Penafian. Petikan pemberitaan media asing tentang SBY saya ambil dari buku Transformasi Indonesia, kumpulan pidato SBY di forum internasional. Saya mencoba mengetikkan kalimat yang dikutip The New York Times di atas. Ada. Ini adalah tautan ke artikel tersebut.
Buku ini juga memuat tulisan-tulisan positif dan penuh harapan tentang SBY yang ditulis oleh Kishore Mahbubani, Profesor Takashi Shiraishi, Profesor Donald K. Emerson, serta jurnalis seperti Greg Sheridan dan Adam Schwarz.

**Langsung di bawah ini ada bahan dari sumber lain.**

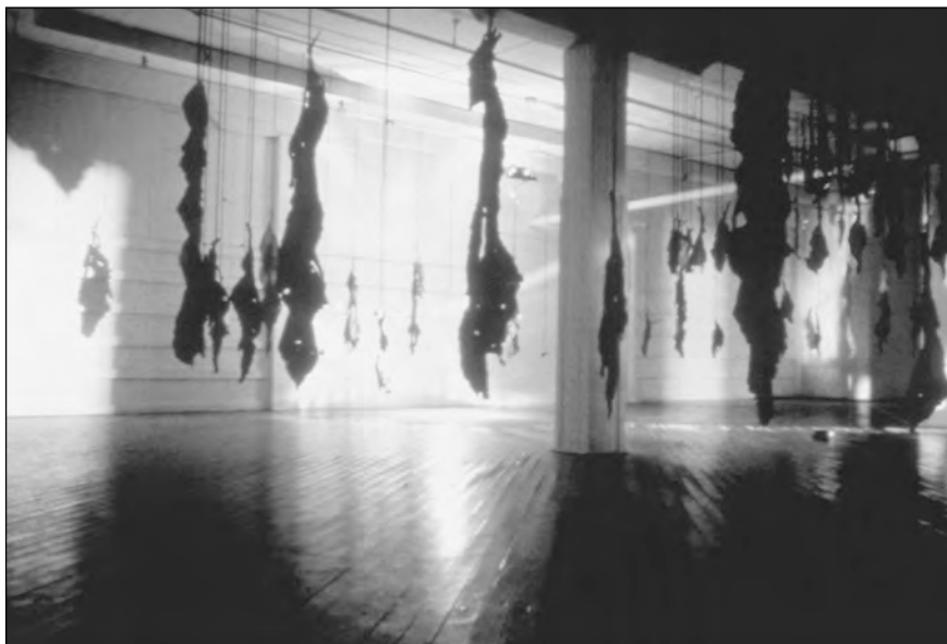
« Je donne le tabac », 1997. Dans la salle 1, des feuilles de tabac forment une spirale suspendue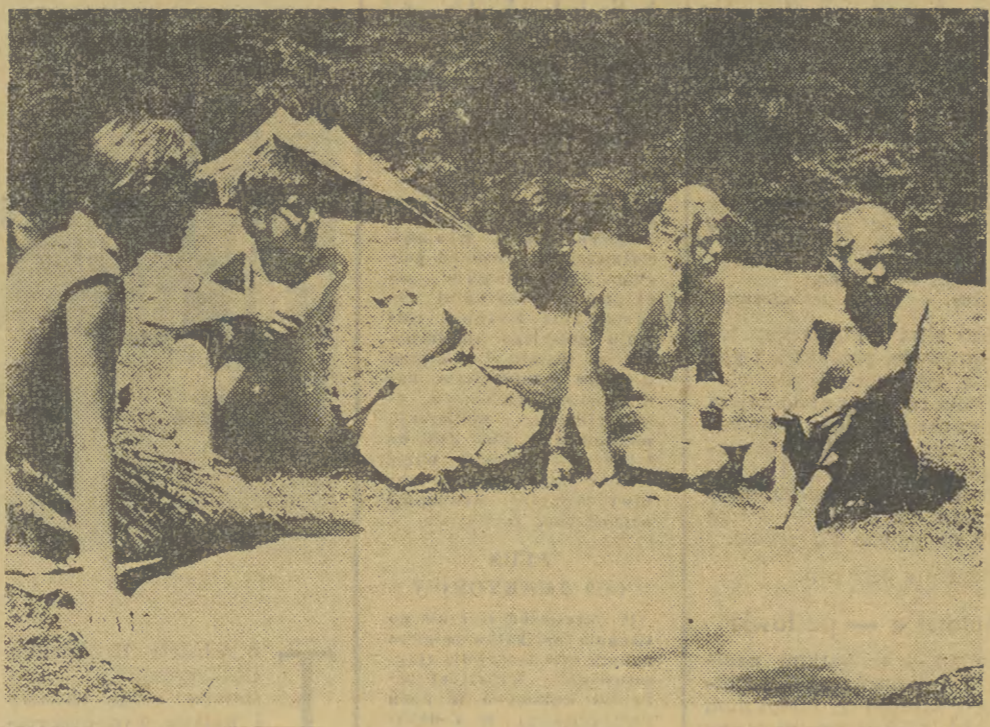
Wydział HGRN „Biedronek” z Tomaszowa Marzowieckiego w Trybszu podczas krótkiej narady roboczej.

raglew, trzeba przyznać, że dała egzamin. Młodzież, zasilająca w radach narodowych, obok starszych, czuła się współgospodarzem wsi, odpowiedzialna za wszystko, co się tam dzieje. A dzięki swemu zapałowi, inicjatywie i pomysłowości, tak „rozbroiła” stałych mieszkańców Spisza, że ci nawet nie wiedząc kiedy, wspólnie z harcerzami zaczęli realizować to, o czym przedtem niejednokrotnie nie chcieli słyszeć. Działają sami dominującą siłą o biblioteki, a pomoc w organizowaniu życia kulturalnego. Przedtem służba zdrowia miała tu niemało kłopotów z wykrywaniem i leczeniem chorób. Dzisiaj za wsi spiskich u lekarzy zjawia się coraz więcej pacjentów. Ba, proszą o stałą opiekę lekarską, chcą mieć u siebie punkty sanitar-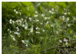
Silène des prés (Silene nutans)

Famille crassulacées Couleur rose Floraison juin-juillet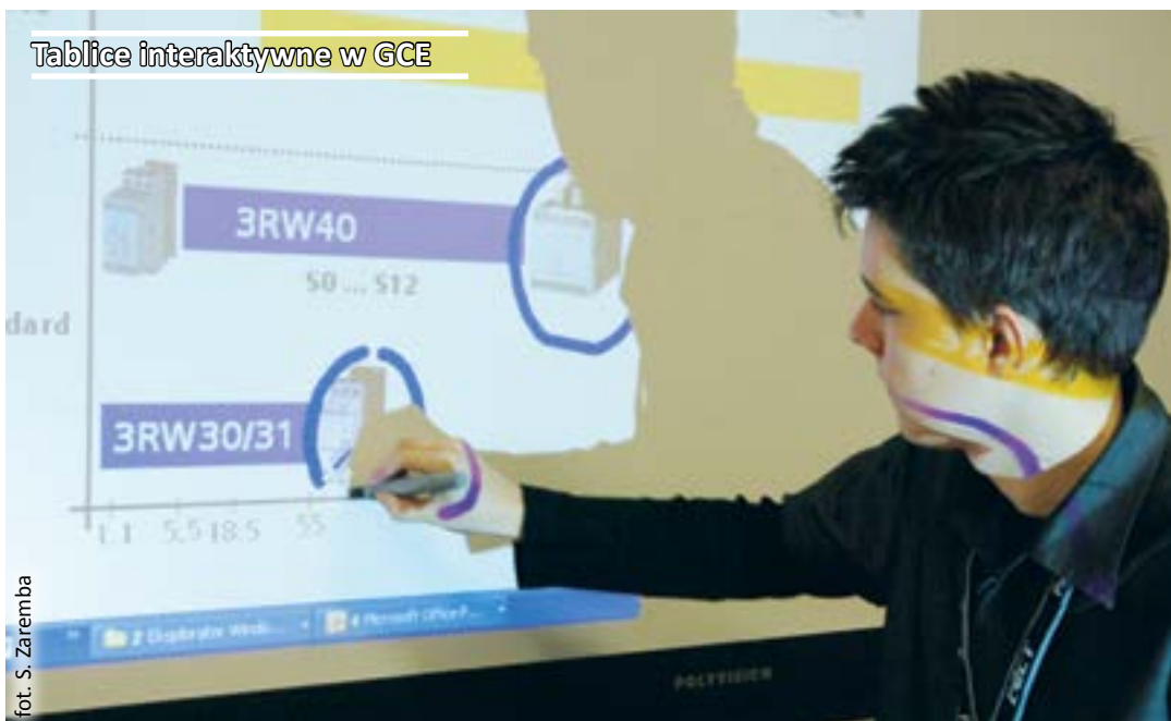
Tablice interaktywne w GCE

Program „Aktywna Edukacja” jest prowadzony w ramach projektu „Wdrożenie podstawy programowej kształcenia ogólnego w przedszkolach i szkołach”. Projekt jest współfinansowany ze środków Unii Europejskiej w ramach Programu Operacyjnego Kapitał Ludzki.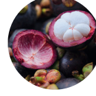
Mangostana Suyu Tozu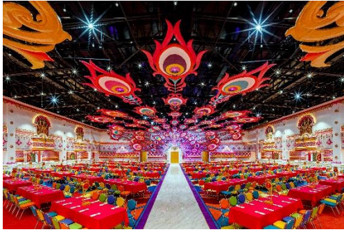
หลังอาหาร ชมการแสดง

Artikel ini saya tulis untuk menunjukkan betapa tingginya ekspektasi media asing ketika SBY berkuasa pada tahun 2004. Harapan yang sama juga tercermin pada kepemimpinan Jokowi. Bagaimana Jokowi bisa “mempertahankan” harapan tersebut dalam lima tahun ke depan, itulah yang menjadi pertanyaan. —Rappler.com
Uni Lubis, mantan Pemimpin Redaksi ANTV, menulis blog tentang 100 hari pemerintahan Jokowi. Ikuti Twitter-nya @unilubis dan membaca blog pribadinya unilubis.com.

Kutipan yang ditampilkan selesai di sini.